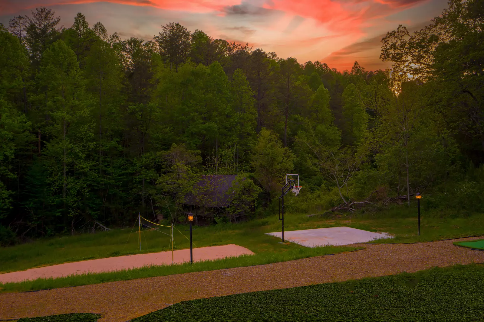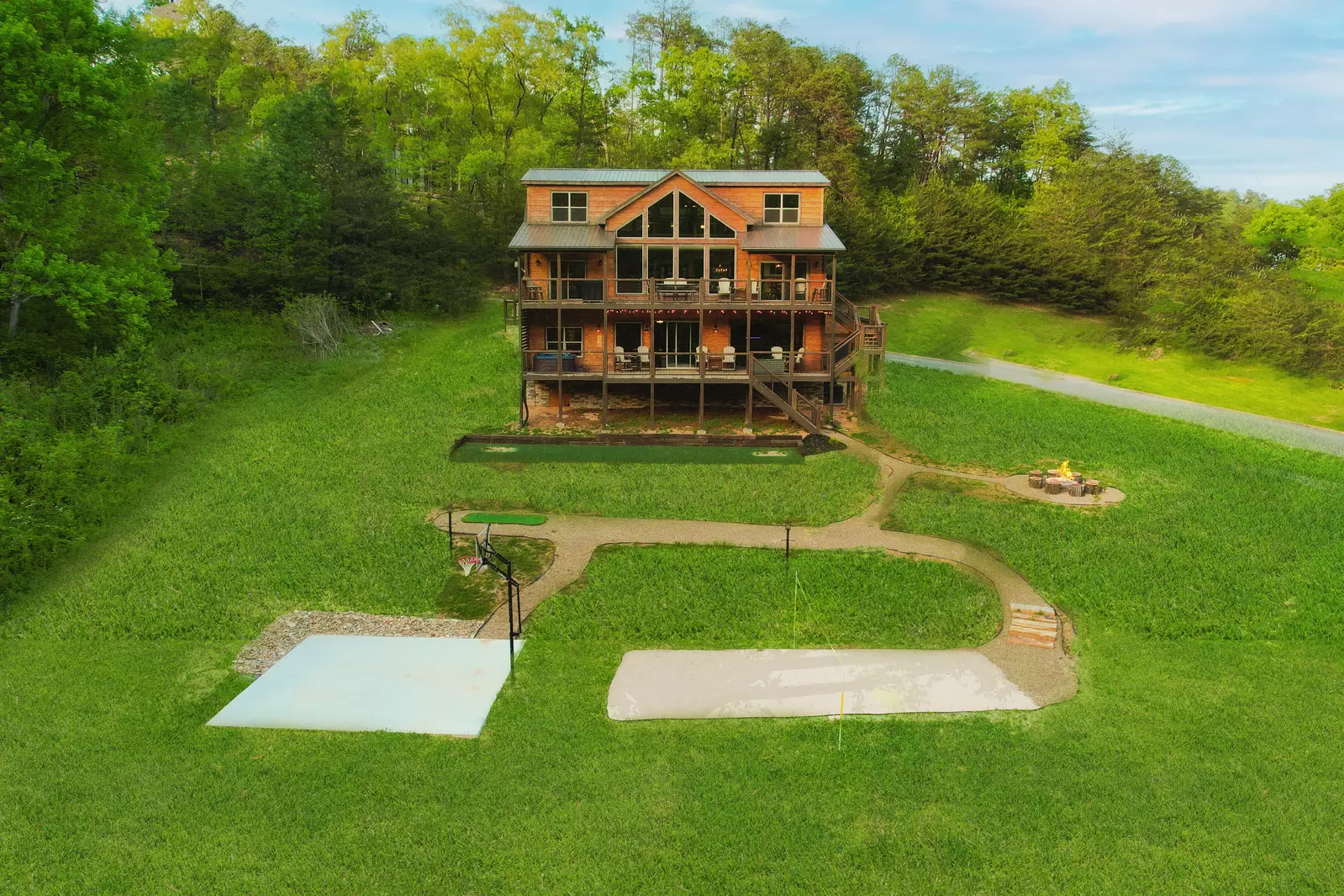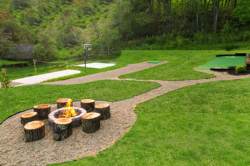 The large yard features a cozy fire pit and an Outdoor Family "Fun Zone", including a putting green, basketball half court, volleyball court, horseshoe pit and corn hole pit.
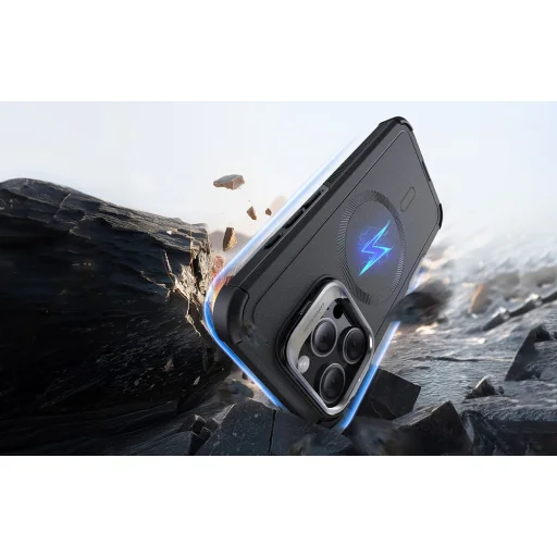 Az ESR Cyber Erős (HaloLock) tok állvánnyal rendelkezik, kifejezetten iPhone 16 Pro-hoz tervezve (fekete). Az ESR Cyber Erős (HaloLock) tok megbízható védelmet nyújt, amely megfelel a katonai MIL-STD-810H 516.8 szabványnak. Az eszköz akár 7 méteres zuhanásokat is kibír. A termék továbbá állvánnyal és mágneses kiegészítőkkel való kompatibilitással rendelkezik.
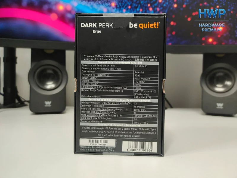 El be quiet! Dark Perk Ergo llega en un embalaje donde predomina el negro mate, con una presentación limpia y bien estructurada. Lo justo para identificar el modelo, y una parte trasera bien organizada donde se detallan las especificaciones del dispositivo que tenemos entre manos. Todo viene bien protegido, con el ratón firmemente encajado y los accesorios separados para evitar roces durante el transporte.
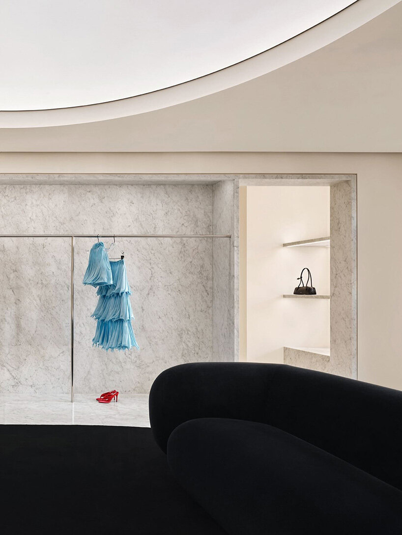 Ensemble ils ont traduit les principes fondateurs de la marque, à savoir sensualité, pureté radicale et formes sculpturales, en une architecture singulière qui joue sur la matérialité du marbre.
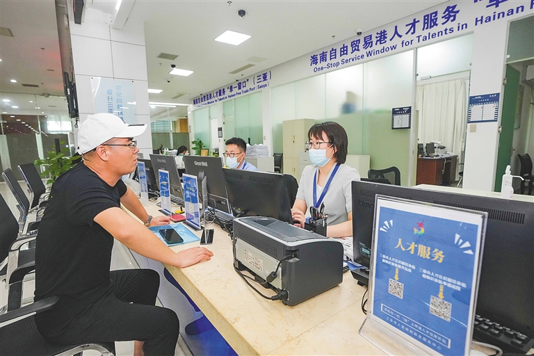近日,在三亚市政务服务中心办事大厅,工作人员为引进人才办理相关业务。
==============================
- _WHAT THE TASK ASKS_: Leave the pictures out. Extract exactly the lines running from the one with "Ensemble ils ont" through the last entry, both ends included.

- _YOUR SOLUTION_:
 Ensemble ils ont traduit les principes fondateurs de la marque, à savoir sensualité, pureté radicale et formes sculpturales, en une architecture singulière qui joue sur la matérialité du marbre.
近日,在三亚市政务服务中心办事大厅,工作人员为引进人才办理相关业务。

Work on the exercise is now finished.